**REQUIREMENT**: All of the listing below must be repeated word for word. Pictures are the only thing to omit.

**DATASET SECTION**:
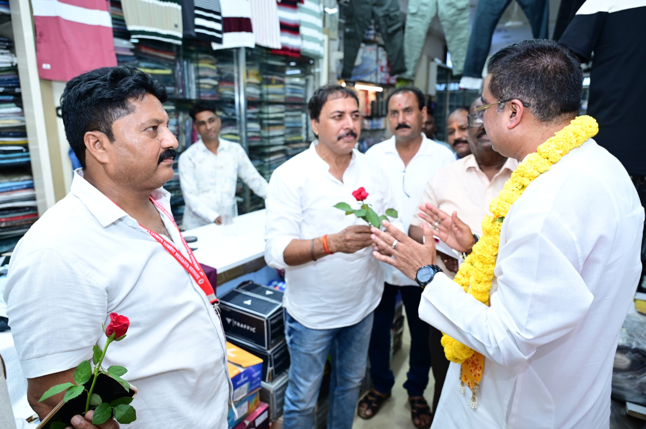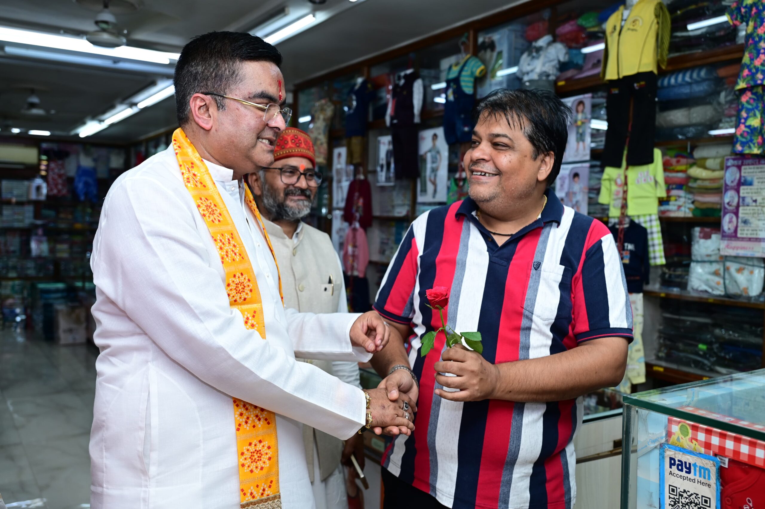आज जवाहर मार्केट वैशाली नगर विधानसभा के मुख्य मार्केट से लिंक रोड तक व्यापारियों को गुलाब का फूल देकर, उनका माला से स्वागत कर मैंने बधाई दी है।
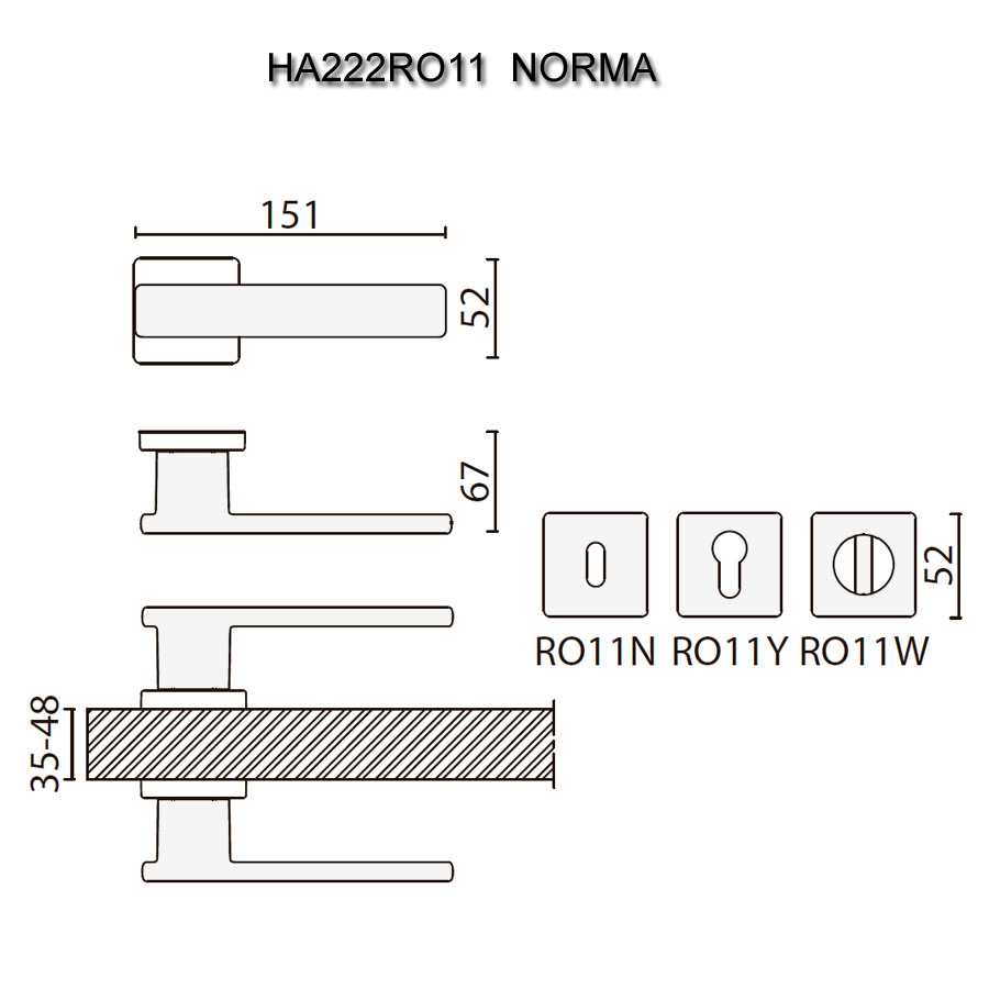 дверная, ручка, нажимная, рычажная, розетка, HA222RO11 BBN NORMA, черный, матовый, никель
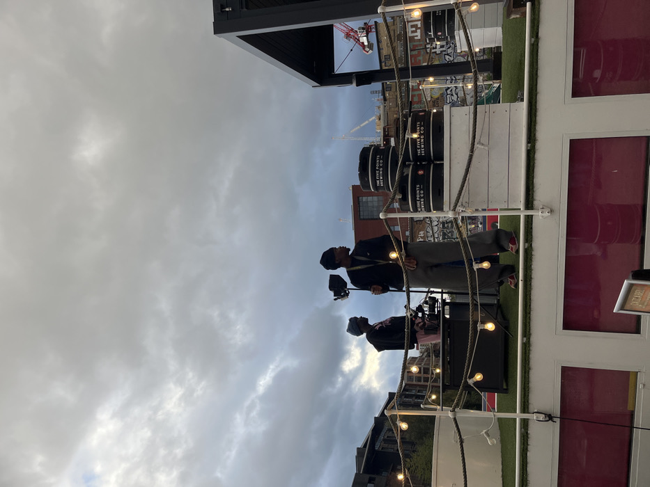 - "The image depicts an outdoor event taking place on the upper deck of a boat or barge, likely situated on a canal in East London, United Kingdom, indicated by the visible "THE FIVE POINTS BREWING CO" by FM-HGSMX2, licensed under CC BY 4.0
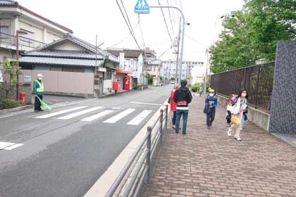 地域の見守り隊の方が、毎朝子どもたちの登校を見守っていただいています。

**EXERCISE RESULT**:
आज जवाहर मार्केट वैशाली नगर विधानसभा के मुख्य मार्केट से लिंक रोड तक व्यापारियों को गुलाब का फूल देकर, उनका माला से स्वागत कर मैंने बधाई दी है।
 дверная, ручка, нажимная, рычажная, розетка, HA222RO11 BBN NORMA, черный, матовый, никель
 - "The image depicts an outdoor event taking place on the upper deck of a boat or barge, likely situated on a canal in East London, United Kingdom, indicated by the visible "THE FIVE POINTS BREWING CO" by FM-HGSMX2, licensed under CC BY 4.0
 地域の見守り隊の方が、毎朝子どもたちの登校を見守っていただいています。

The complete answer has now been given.